# Who will you cheer for in the 2nd round?



## Yao Mania (Aug 4, 2003)

between Dallas and Phoenix? We've had bad blood w/ the Suns throughout the regular season, and needless to say we're pretty steamed about the Mavs right now... so which team will you cheer for? And neither is not an option 'cuz one team's gotta win, it's a lesser of 2 evils question...

And this poll is targeted for HOUSTON FANS, and whatever comments made by our fans on these teams are our personal opinion. So feel free to express your views on these 2 teams on this thread.

EDIT: Oops I forgot a poll, MRC!!!


----------



## sherwin (Mar 21, 2005)

The Suns. And they will win. I don't see how we've had bad blood with them.


----------



## zhaizor (Apr 27, 2005)

I would cheer for the Mavericks, and I liked them until the playoffs. I just cant stand Nowitzki, , I wish he would just play basketball, as I know he is good. But the biggest thing that angered me about Nowitzki was the picture of him sticking his tounge out after game 5? I believe, that was not neccesary. Sure stuff like that happens in basketball being a bad sport or whatever, but most of the time it is out of frustration like tonight with James and Tmac, after this season, winning the first two games, and losing 3 straight... and knowing we should of won. But doing something like what Nowitzki did is just being a straight out a**hole.

I'm cheering for the Miami Heat. Go Stan!


----------



## cpawfan (Jun 20, 2004)

Well, I have to say I'm biased and only want to see Southwest Division teams win the next round :bsmile:


----------



## ChiBron (Jun 24, 2002)

NO way would I ever root for a team with that flopping bit*h called Nowitzki on it. 

Suns all the way!


----------



## Yao Mania (Aug 4, 2003)

I will personally cheer for Dallas, I have always liked them as a team and despite this series I still like the team. I really hope Dirk can step up and outplay Amare though, 'cuz right now they're at about the same all-star level, but Amare is going uphill and Dirk is going downhill.... 

Nash is one of my fav players, but I absolutely do not like Phoenix. I hate D'Antoni (who dissed Yao earlier this season), I can't stand QRich, and have never been a big fan of Amare (though I respect his skill).
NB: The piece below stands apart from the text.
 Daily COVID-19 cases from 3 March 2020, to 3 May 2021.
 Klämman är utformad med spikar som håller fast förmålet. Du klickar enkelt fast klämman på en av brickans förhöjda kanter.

I used to not like Marion but he's starting to win me over as an underrated and under-appreciated player: he's every bit as important to the Suns as Nash and Amare, if not even more so.
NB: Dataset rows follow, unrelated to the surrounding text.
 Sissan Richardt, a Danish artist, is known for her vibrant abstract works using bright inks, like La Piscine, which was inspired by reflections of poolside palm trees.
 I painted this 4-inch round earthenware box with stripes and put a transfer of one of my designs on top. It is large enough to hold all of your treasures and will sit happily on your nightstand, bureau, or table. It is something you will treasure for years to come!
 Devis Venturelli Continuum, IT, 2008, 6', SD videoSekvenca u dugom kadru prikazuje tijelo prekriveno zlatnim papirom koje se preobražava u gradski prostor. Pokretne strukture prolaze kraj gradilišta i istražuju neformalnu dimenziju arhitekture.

Though I'm cheering for Dallas I think Suns will win this series though. Thanks to us, they have the advantage of studying what tricks AJ can pull out...


----------



## FirstRocket (Mar 10, 2005)

I keep my promise. I said I will root for Mavericks if they win. So, here is the cheer. 
GO MAVERICKS!


----------



## The_Franchise (Mar 30, 2003)

Yao Mania: I can't add a poll...

Houston does have alot of bad blood with Phoenix. We had some tough battles throughout the 90's in the playoffs and then there was the Marbury vs. Francis era... followed by the Yao vs. Amare era. 

That being said, I think the Mavs will win in 6... and I'm rooting for an exciting series.


----------



## kisstherim (Jul 15, 2004)

I changed my mind. i will root for the Suns,i just can't tolerate Cuban.unless Cuban sells Mavs to another tycoon,i just can't like them.


----------



## zhaizor (Apr 27, 2005)

All this avatar buisness is confusing me.


----------



## G-Force (Jan 4, 2005)

To those of you supporting the Suns or considering lending your support to them - Thank you very much. Please stop by the Suns forum and join in with the rest of the Suns posters. And if the Suns do not suit your tastes, there is always the Sonics to root for, too.

G-Force


----------



## whatsshakin (May 8, 2005)

Psssh..... nba is no fun if you like none of the teams left in the playoffs  With Bulls and Rockets out I guess im rooting for the hometown Pistons .


----------



## Coach Jim (May 3, 2005)

I will always root for the underdog. Yes, even if it means going with the team that took out my Rockets. Overcoming adversity to beat the "Goliaths" makes my day every time.


----------



## On Thre3 (Nov 26, 2003)

I am rooting for the mavs, because ive always liked them as a team(although im not a fan) and add to the fact that i hate the suns.


----------



## Cometsbiggestfan (May 14, 2003)

I'm rooting for PHX in this series. However, I'm rooting for the Spurs in the West and Heat or Pacers in the East.


----------



## mavsmania41 (Mar 27, 2005)

Nice you guys are people of your words on the bet we made kudos to you guys.


----------



## Pasha The Great (Apr 9, 2005)

I want the suns to sweep Dallas.. after this series I just can't stand the Mavericks.


----------



## hitokiri315 (Apr 30, 2004)

During the regular season i hated the suns with a passion. Because of the style of play. But after seeing how the mavericks played and destroyed us in game 7. I want the suns to humiliate the mavericks. I want stoudamire to dunk on novitzki. I want howard to be anhilated. Not to mention i want jim jackson to finally get what he deserves a championship ring. Go suns all the way.


----------



## Hakeem (Aug 12, 2004)

I've always disliked the Suns. Call me childish, but I hate the Mavs more now. I only really hate one Suns player -- Amare. But from the Mavs, I hate Dirk, Dampier and Josh Howard.


----------



## Stephen1616 (Apr 30, 2005)

I want the suns to sweep dallas and then lose to SA. That would make me feel good on the inside.

HA HA


----------



## maxrider (May 9, 2005)

1. Rockets -- too bad
2. Spurs
3. Pacers -- just because I hate Pistons


----------



## maxrider (May 9, 2005)

Hakeem said:


> I've always disliked the Suns. Call me childish, but I hate the Mavs more now. I only really hate one Suns player -- Amare. But from the Mavs, I hate Dirk, Dampier and Josh Howard.


The only Suns player I hate is Charles Barkley.
You know how much I hate the Rockets when they acquired him?


----------



## kfranco (Apr 22, 2005)

zhaizor said:


> All this avatar buisness is confusing me.


lol. i know what u mean. come fri. ill change mine back.


----------



## HeinzGuderian (Jun 29, 2004)

I'm rooting for the Suns, not because I dislike the Mavericks as much as the Suns are the closest thing to a Roy Williams ran offense I can find.


----------